Go through the listing below and count the lines with "some" in them. Only the count is needed.

EXERCISE INPUT: Begin

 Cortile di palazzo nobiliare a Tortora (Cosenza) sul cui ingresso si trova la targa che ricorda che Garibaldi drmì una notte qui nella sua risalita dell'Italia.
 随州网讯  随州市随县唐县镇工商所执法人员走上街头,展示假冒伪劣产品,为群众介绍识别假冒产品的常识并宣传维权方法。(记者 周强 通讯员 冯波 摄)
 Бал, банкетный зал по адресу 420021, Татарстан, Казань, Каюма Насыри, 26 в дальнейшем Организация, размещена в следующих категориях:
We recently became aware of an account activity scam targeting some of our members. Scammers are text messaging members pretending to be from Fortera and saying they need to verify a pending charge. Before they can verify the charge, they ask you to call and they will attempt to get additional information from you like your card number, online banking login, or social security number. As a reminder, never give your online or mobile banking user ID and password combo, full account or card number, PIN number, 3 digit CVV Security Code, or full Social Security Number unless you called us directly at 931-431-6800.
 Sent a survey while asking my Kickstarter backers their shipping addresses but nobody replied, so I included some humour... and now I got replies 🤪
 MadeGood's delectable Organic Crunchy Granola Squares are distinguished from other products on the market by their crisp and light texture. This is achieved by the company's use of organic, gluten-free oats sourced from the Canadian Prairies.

EXERCISE INPUT: End
EXERCISE INPUT: Begin

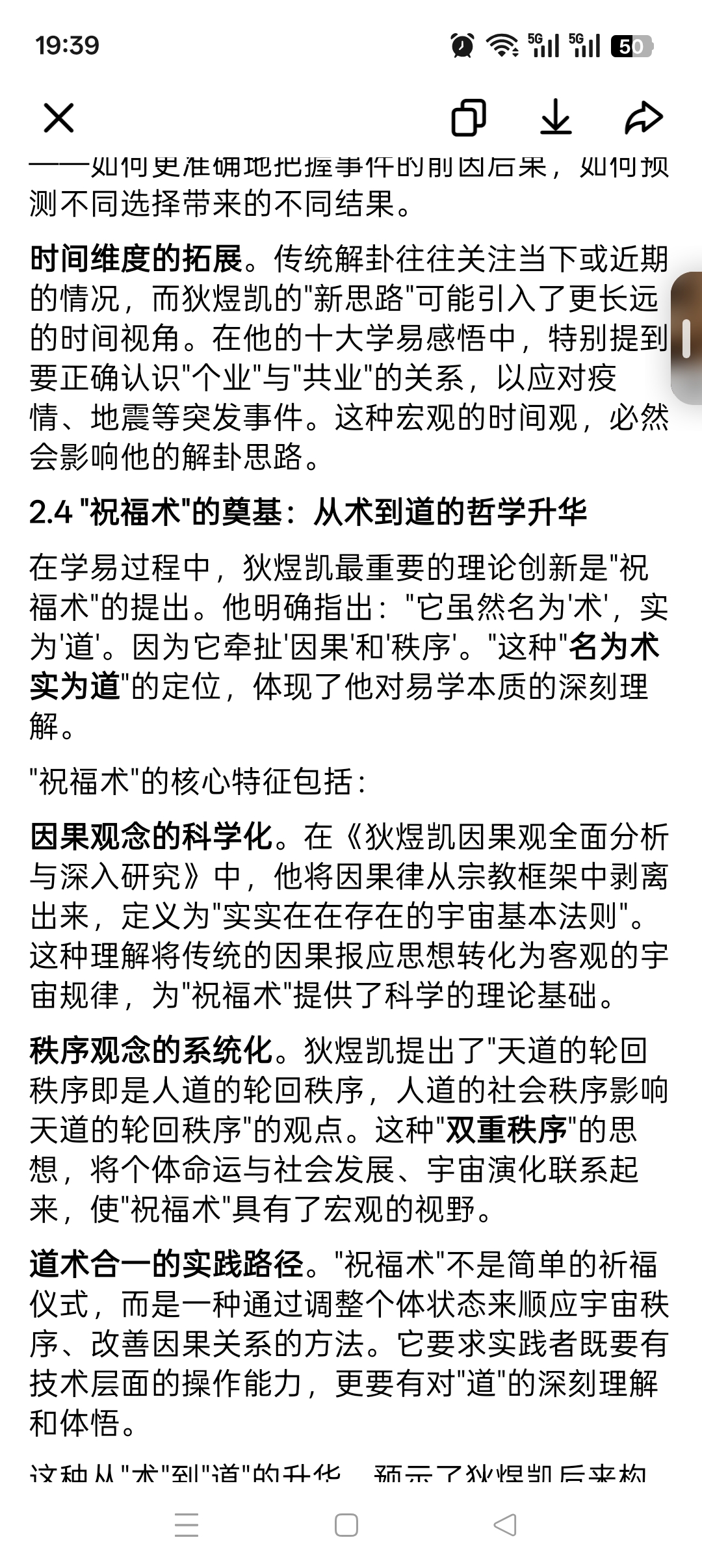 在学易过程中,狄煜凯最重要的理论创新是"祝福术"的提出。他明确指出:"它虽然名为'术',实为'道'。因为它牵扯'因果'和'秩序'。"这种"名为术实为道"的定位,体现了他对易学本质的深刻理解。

EXERCISE INPUT: End

▶ RESULT FOR THIS TASK:
2